A set of five coins contains two that weigh 31g, two that weigh 33g, and one that weighs 32g. Using a balance scale just two times positively identify the weight of at least one coin.
Weighing 1: Weigh one against another.
Weighing 1 result: equal weight:
then weigh both against two others
If the others are heavier in total the first two weights are each 31 g.
If the others are lighter in total the first two weights are each 33 g.
The second weighing will never be equality.
Weighing 1 result: one is heavier:
The situation could be either 33g vs 32g, 33g vs 31g or 32g vs 31g.
Weigh both against two others
1st 2nd 2nd result
33 v 32 33+32 v 33+31 left heavy
33 v 32 33+32 v 31+31 left heavy
33 v 31 33+31 v 33+31 equal
33 v 31 33+31 v 33+32 right heavy
33 v 31 33+31 v 32+31 left heavy
32 v 31 32+31 v 33+33 right heavy
32 v 31 32+31 v 33+31 right heavy
By result of 2nd weighing:
left heavy --> heavier of first weighing is 33 g.
equal weight --> heavier of first weighing is 33 g and lighter is 31 g.
right heavy --> lighter of first weighing is 31 g.
Using the rules on all possible permutations of the given weights results in the following conclusions, when first weighing A on the left against B on the right, and then A and B together on the left against C and D on the right.
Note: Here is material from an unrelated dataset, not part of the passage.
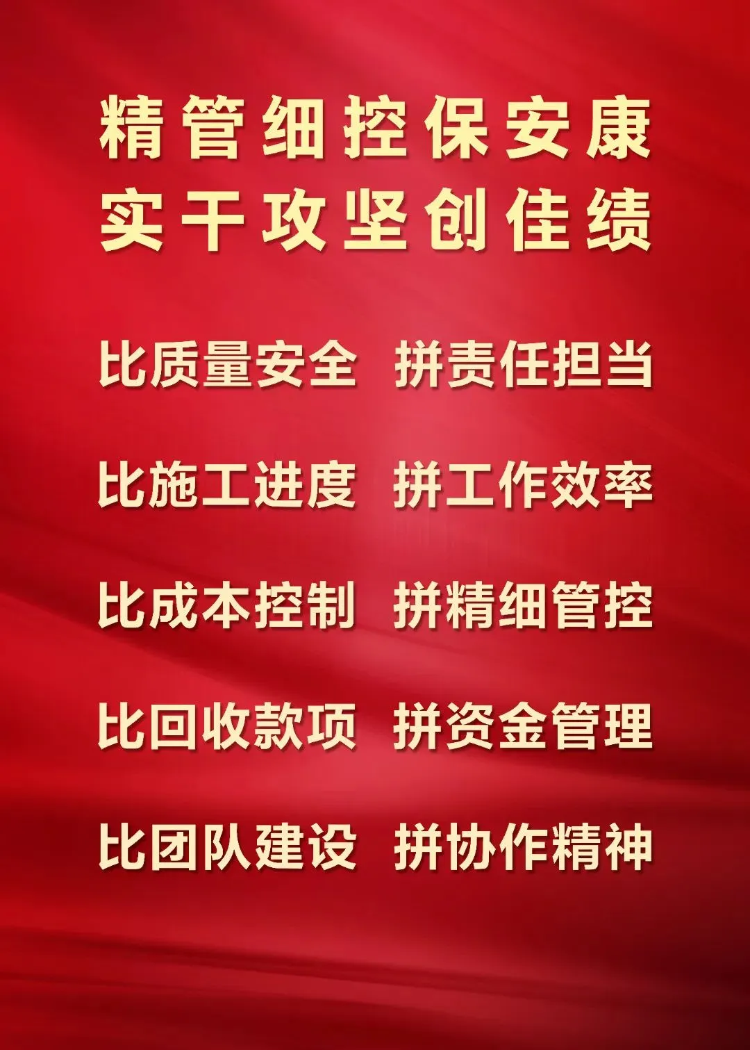 一是确保安全质量,全力抢抓进度。紧盯“6·30”节点目标,进一步优化施工组织,细化分解任务,强化工序衔接,科学调配资源,抢抓施工黄金期。务必坚守质量底线、筑牢安全防线,以品质履约擦亮六建品牌。

A B C D E which side is conclusion
heavier
w1 w2
33 33 32 31 31 =l A & B 33g
31 31 32 33 33 =r A & B 31g
31 31 33 32 33 =r A & B 31g
31 31 33 33 32 =r A & B 31g
31 32 31 33 33 rr A 31g
31 32 33 31 33 rr A 31g
31 32 33 33 31 rr A 31g
31 33 31 32 33 rl B 33g
31 33 31 33 32 r= A 31g B 33g
31 33 32 31 33 rl B 33g
31 33 32 33 31 rr A 31g
31 33 33 31 32 r= A 31g B 33g
31 33 33 32 31 rr A 31g
32 31 31 33 33 lr B 31g
32 31 33 31 33 lr B 31g
32 31 33 33 31 lr B 31g
32 33 31 31 33 rl B 33g
32 33 31 33 31 rl B 33g
32 33 33 31 31 rl B 33g
33 31 31 32 33 ll A 33g
33 31 31 33 32 l= A 33g & B 31g
33 31 32 31 33 ll A 33g
33 31 32 33 31 lr B 31g
33 31 33 31 32 l= A 33g & B 31g
33 31 33 32 31 lr B 31g
33 32 31 31 33 ll A 33g
33 32 31 33 31 ll A 33g
33 32 33 31 31 ll A 33g
33 33 31 31 32 =l A & B 33g
33 33 31 32 31 =l A & B 33g
and the "never" condition, ==, indeed never occurs.
DefDbl A-Z
Dim crlf$
Private Sub Form_Load()
Form1.Visible = True
Text1.Text = ""
crlf = Chr$(13) + Chr$(10)
s$ = Chr$(33) + Chr$(33) + Chr$(32) + Chr$(31) + Chr$(31)
h$ = s
Do
For i = 1 To 5
Text1.Text = Text1.Text & Str(Asc(Mid(s, i, 1)))
Next
If Left(s, 1) < Mid(s, 2, 1) Then e$ = "r"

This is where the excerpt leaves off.